**EXERCISE DETAILS:** Return, with both end lines included, exactly what the data below holds from the line with "Se registró un" through the line with "29. 完成後,會看到『Sh", though not the pictures.

**RECORDS FOR THE EXERCISE:**
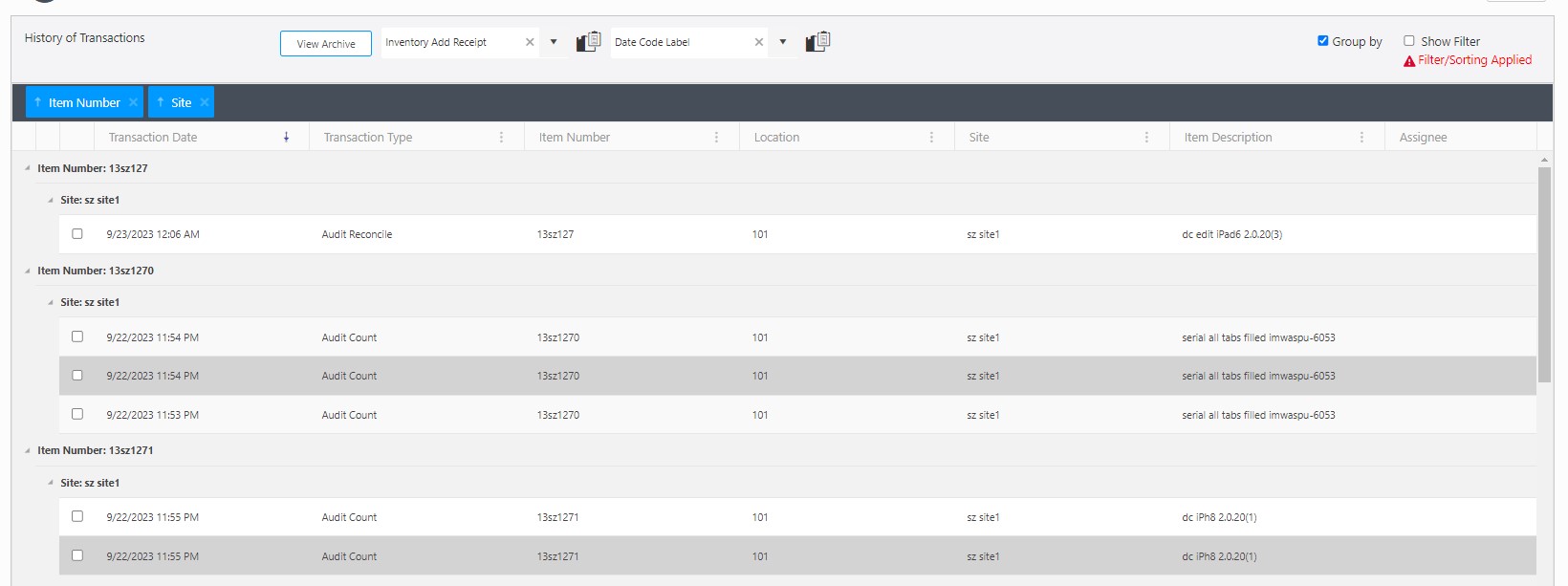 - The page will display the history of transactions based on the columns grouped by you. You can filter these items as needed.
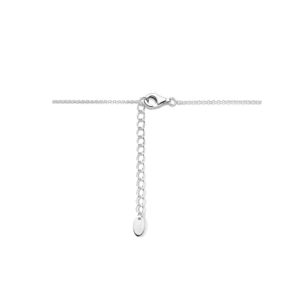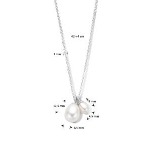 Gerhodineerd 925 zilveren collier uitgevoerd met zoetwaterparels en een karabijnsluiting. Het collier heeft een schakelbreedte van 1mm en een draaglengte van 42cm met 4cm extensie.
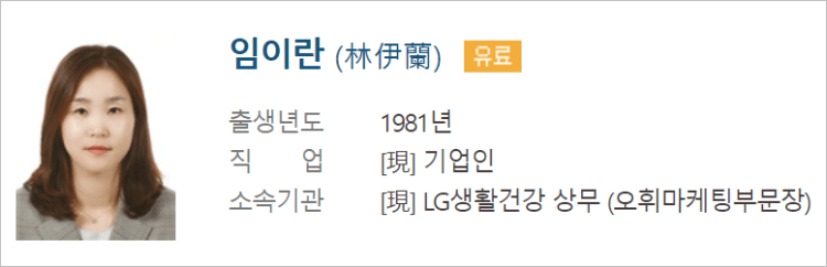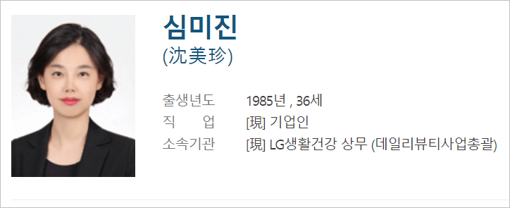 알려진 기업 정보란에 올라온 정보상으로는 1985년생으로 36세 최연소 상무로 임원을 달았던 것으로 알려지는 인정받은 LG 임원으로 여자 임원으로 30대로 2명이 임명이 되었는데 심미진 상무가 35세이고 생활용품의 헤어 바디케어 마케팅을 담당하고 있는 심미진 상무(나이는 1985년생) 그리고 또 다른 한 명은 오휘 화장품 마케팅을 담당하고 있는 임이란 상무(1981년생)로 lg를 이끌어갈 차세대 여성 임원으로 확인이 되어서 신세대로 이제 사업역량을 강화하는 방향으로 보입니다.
...
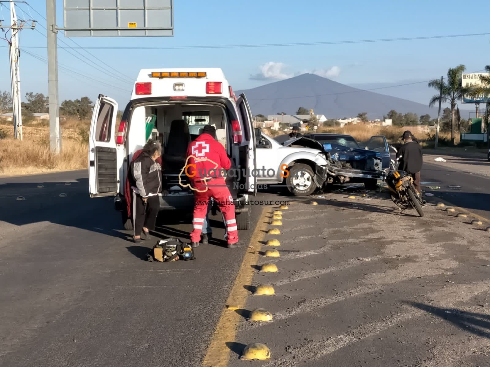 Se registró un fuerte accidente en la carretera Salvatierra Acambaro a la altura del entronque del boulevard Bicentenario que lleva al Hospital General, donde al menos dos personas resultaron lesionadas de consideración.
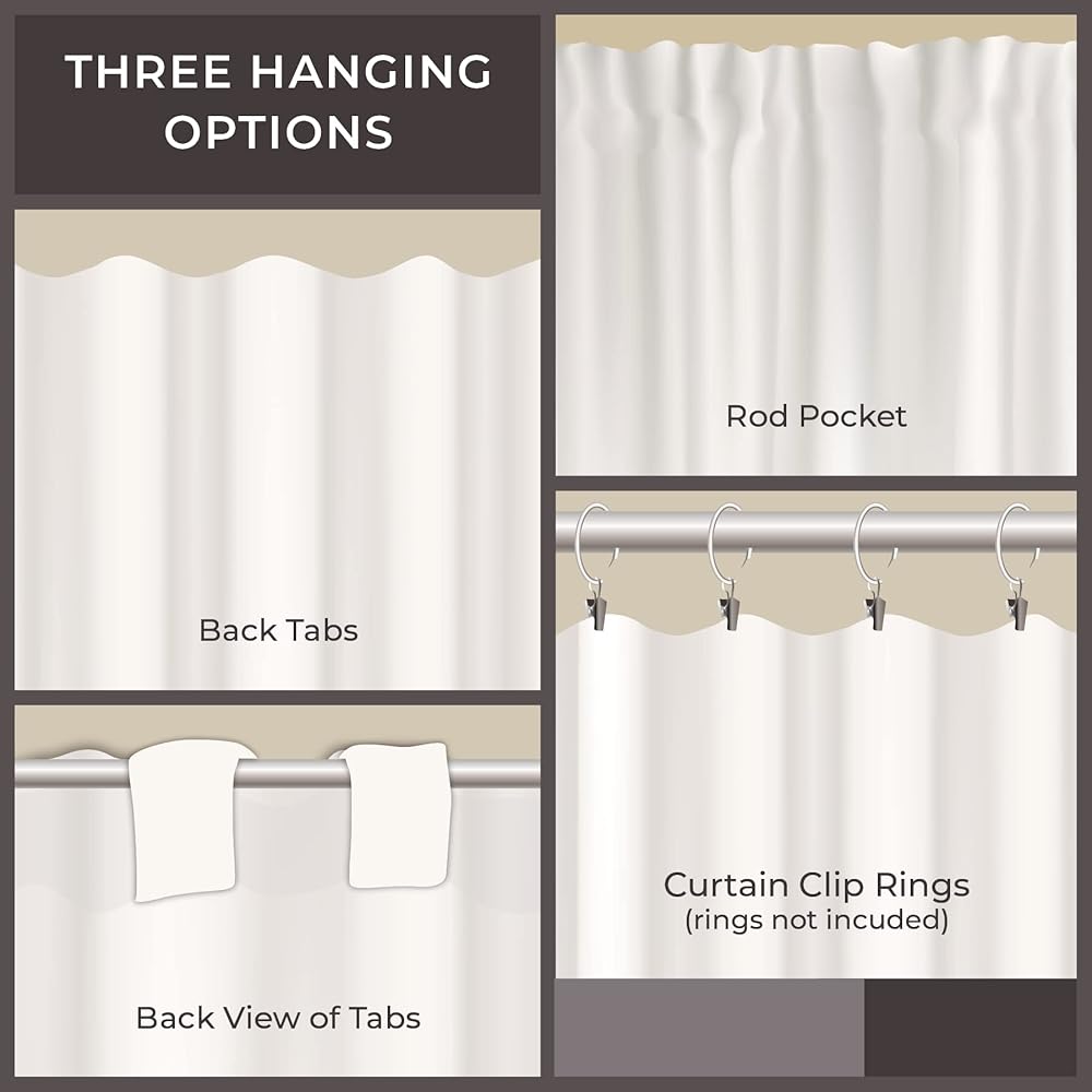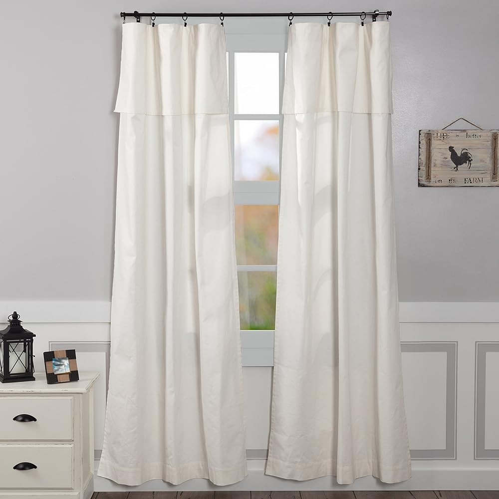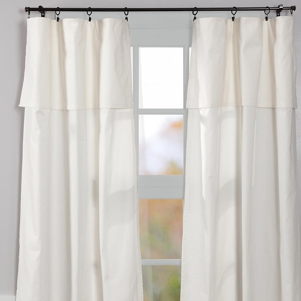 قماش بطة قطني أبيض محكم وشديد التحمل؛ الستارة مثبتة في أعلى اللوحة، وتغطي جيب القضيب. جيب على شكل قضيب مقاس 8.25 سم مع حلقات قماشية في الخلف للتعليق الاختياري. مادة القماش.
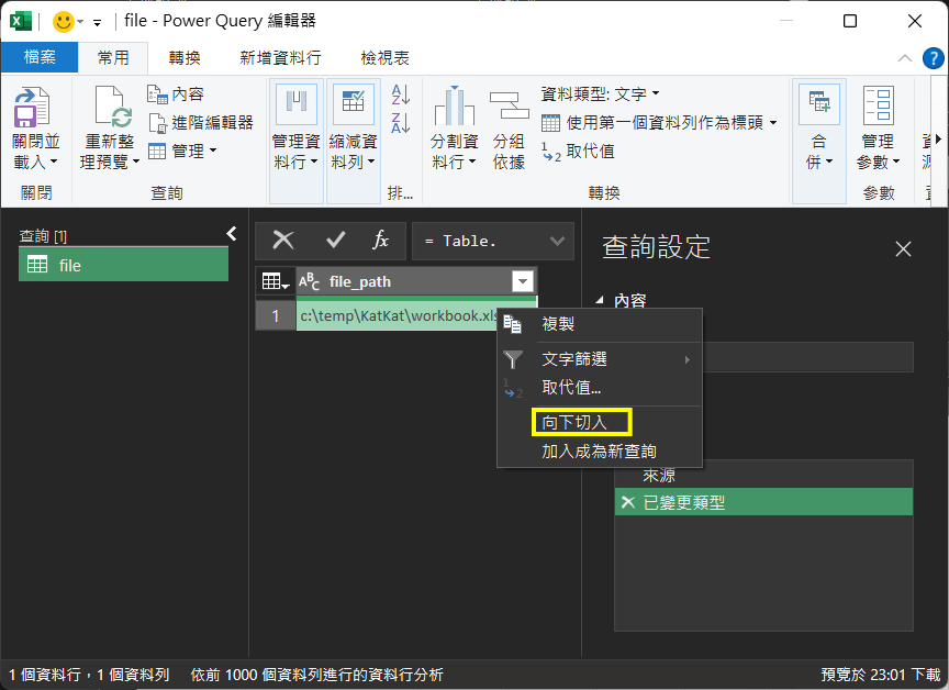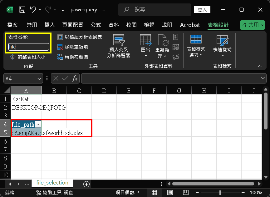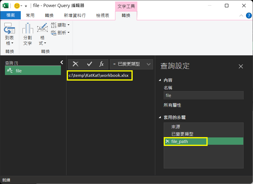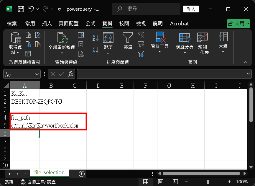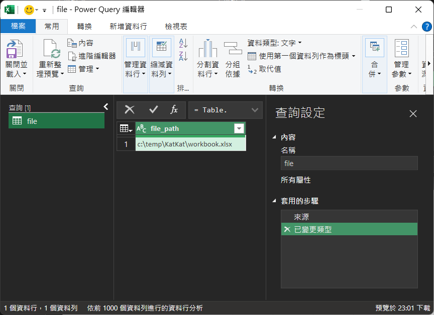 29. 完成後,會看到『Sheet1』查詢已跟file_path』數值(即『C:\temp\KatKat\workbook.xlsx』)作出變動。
--
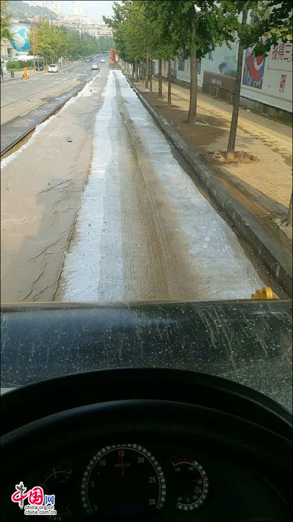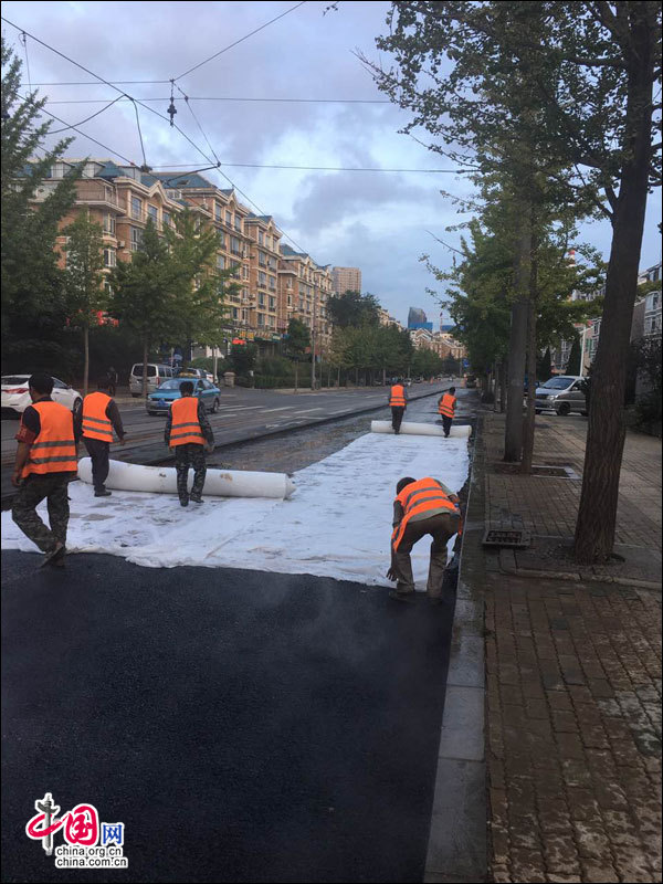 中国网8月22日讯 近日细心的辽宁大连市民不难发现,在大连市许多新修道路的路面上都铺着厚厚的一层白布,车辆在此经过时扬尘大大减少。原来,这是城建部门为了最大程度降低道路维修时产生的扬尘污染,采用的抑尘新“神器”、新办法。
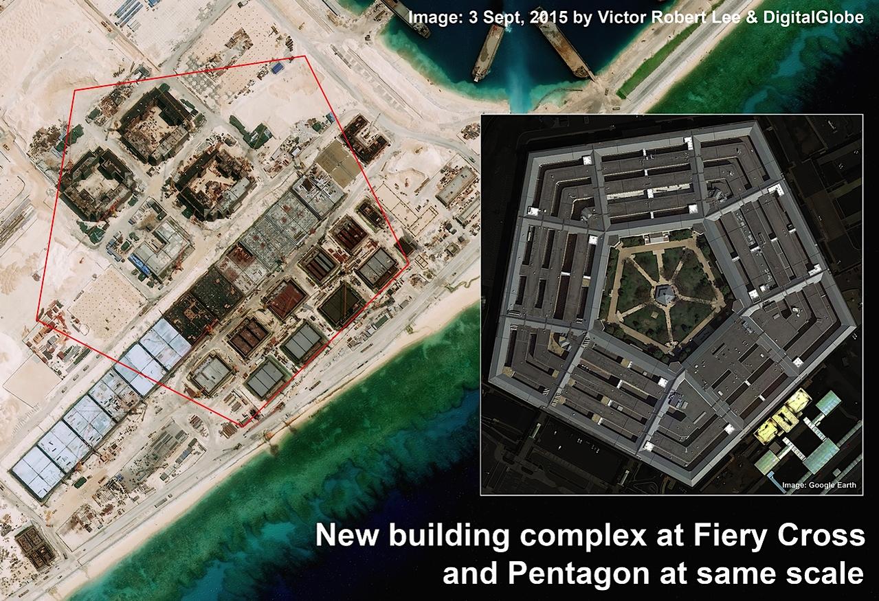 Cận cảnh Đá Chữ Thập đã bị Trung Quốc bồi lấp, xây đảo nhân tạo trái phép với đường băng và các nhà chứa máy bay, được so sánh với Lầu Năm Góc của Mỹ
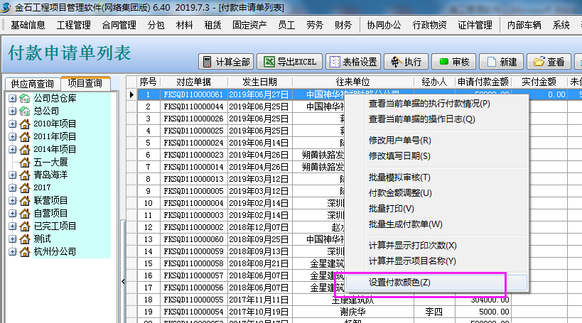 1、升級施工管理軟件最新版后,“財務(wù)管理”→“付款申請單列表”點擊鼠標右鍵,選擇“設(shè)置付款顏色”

**RESULT:**
 Se registró un fuerte accidente en la carretera Salvatierra Acambaro a la altura del entronque del boulevard Bicentenario que lleva al Hospital General, donde al menos dos personas resultaron lesionadas de consideración.
 قماش بطة قطني أبيض محكم وشديد التحمل؛ الستارة مثبتة في أعلى اللوحة، وتغطي جيب القضيب. جيب على شكل قضيب مقاس 8.25 سم مع حلقات قماشية في الخلف للتعليق الاختياري. مادة القماش.
 29. 完成後,會看到『Sheet1』查詢已跟file_path』數值(即『C:\temp\KatKat\workbook.xlsx』)作出變動。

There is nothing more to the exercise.